An honest post about leaving a stable career for a childhood dream. Why after 20 years in web dev I’m moving to Godot and mobile games, past attempts, and why now is the time.

This Is Not About the Stack

Not about FSD, not about Supabase, not even about another PWA. It’s about a grown‑up “want”: take the yoke of my own products, not just help others take off.

I’m 37. Twenty years building web systems, performance work, pushing releases, writing architectures. I love it. And still — it’s time.

Simple and honest: I’m switching focus to my products — including mobile games on Godot. Not because I’m “tired of web,” but because I want to make things that delight people directly.

Why Now

  • The skills are there: from code and prod to marketing and monetization.
  • The base is there: products already live and earn.
  • Desire — maxed out. Scary? Yes. Not trying — scarier.

Industry Context

Mobile 2024–2025: harder than a decade ago. ATT broke cheap perf marketing, CPI up, hyper‑casual shrank, products with retention/community survive. Niche educational games live on organic and content.

What I’m Doing

  • Shifting focus to own products and indie games (Godot, mobile).
  • Short cycles: idea → prototype → playtest → numbers decide.
  • Writing in public. Accountability via visibility is the best PM.

Game #1: Memory Palaces

A game that actually trains memory. Not just “repeat the sequence,” but gentle mnemonics via gameplay.

— First, simple sequences to catch rhythm.

— Then, hints: associations, mini‑stories, imagery.

— Next, a visual “memory palace”: place objects in locations and recall them in order.

Inspirations: Monument Valley’s visual calm, Duolingo’s micro‑lessons and gamification, Lumosity’s cognitive focus — but specifically about mnemonics.

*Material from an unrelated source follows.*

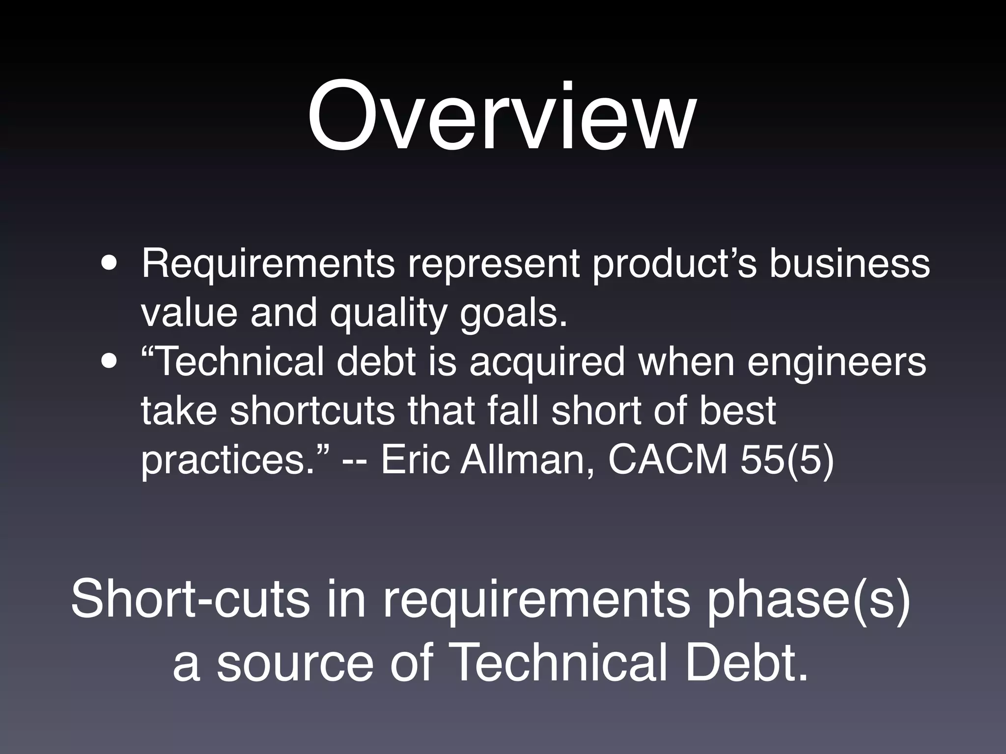 Technical debt arises from inadequate requirements analysis, risking missed intents and necessitating rework, which can accumulate through project iterations. Properly capturing requirements is crucial for aligning software development with business value and quality objectives. Exploring the relationship between process debt and requirements debt, as well as methods to track them, is essential for improving software development practices.
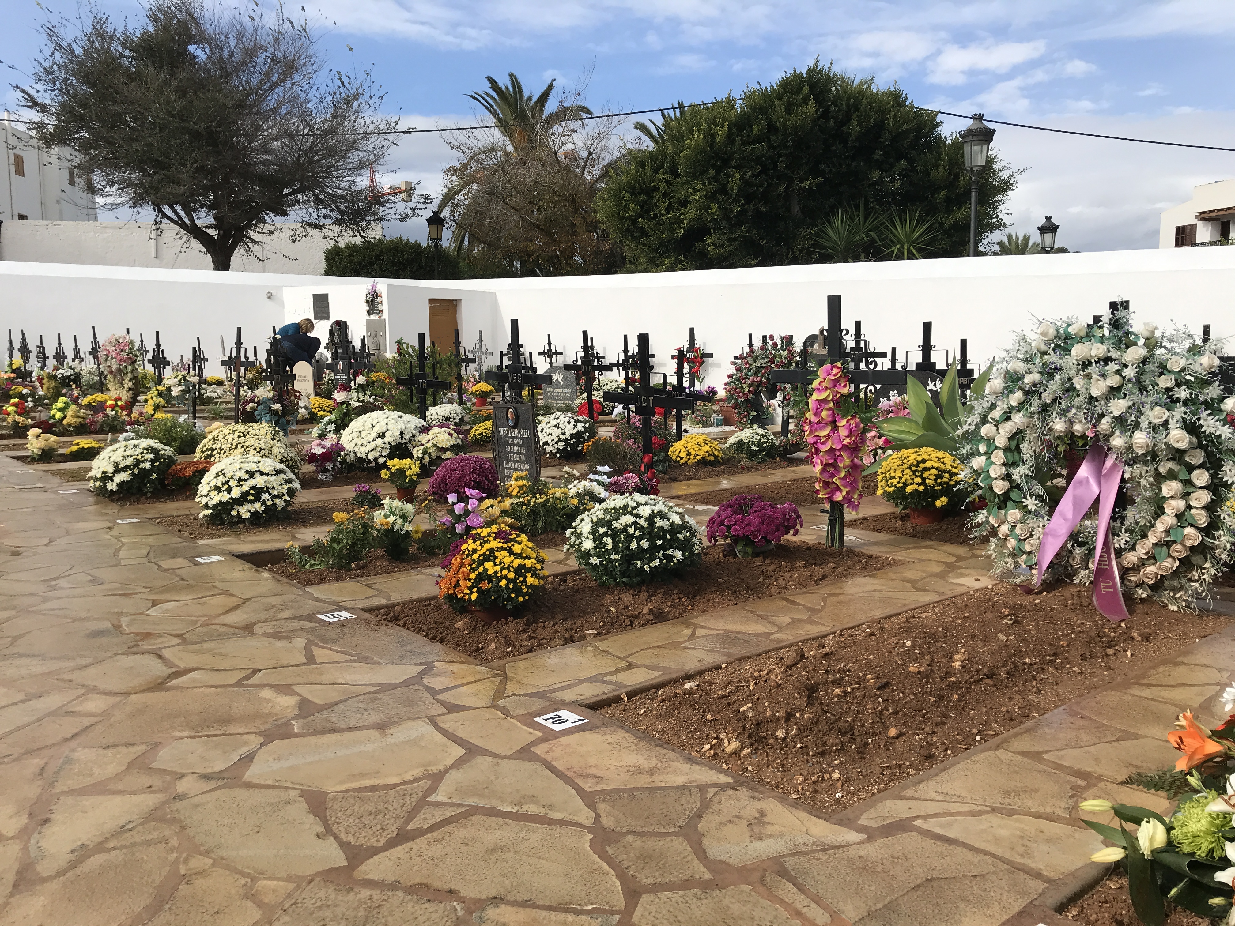 La cantidad de flores y recuerdos depositados en las tumbas es asombroso. Forman un paisaje multicolor que hace olvidar en qué espacio están situados. La fragancia hace que el recuerdo sea cariñoso y se aleje de la melancolía. Unas seis personas acicalan con mimo las lápidas de sus seres queridos, como si en aquel esfuerzo residiera la clave del descanso eterno.

MVP in 2–3 weeks: ~20 levels, 2–3 task types (objects/words/numbers), one base “palace,” progress tracking. The rest after playtests.

Business Insights

  • Targets: D1 35%+, D7 15%+, average session 3–5 min. Without this, unit economics won’t fly.
  • Channels: short demo videos (Shorts/TikTok), articles on mnemonics, community partnerships.
  • Monetization: freemium + subscription for techniques/themes. No “paywall on inhale.”

90‑Day Plan

  1. MVP and first players
  • Fast prototype, test with a warm audience.
  • Track D1/D7, session time, completion quality.
  1. Content growth
  • Add palaces, themes, task variations.
  • A light meta narrative for return motivation.
  1. Traffic and monetization
  • Organic: Shorts/TikTok challenges, content on mnemonics.
  • Paid — targeted to validate channels.
  • Model: freemium + honest subscription. No surprises.
2–3 weeks
MVP
1000
first month players
D7 → 15%
retention goal

Risks and Grown‑Up Choices

  • “What if it doesn’t fly?” — Then the next prototype. I don’t marry ideas.
  • “Money?” — Runway calculated, base products bring cash. The game is an investment.
  • “Burnout?” — Short iterations, weekly demos, sleep on schedule.

Why Write This Here

To make a public promise. To have accountability. And so if you’re on the edge of “what if,” you get one more story for your “it’s possible” folder.

Want to follow? Subscribe. I’ll post demos, metrics, and scars. Want the beta — ping me, I’ll add you.

And yes: this is still about engineering. My “user” now is a person with a phone and a minute between tasks. They should feel good. And so should I.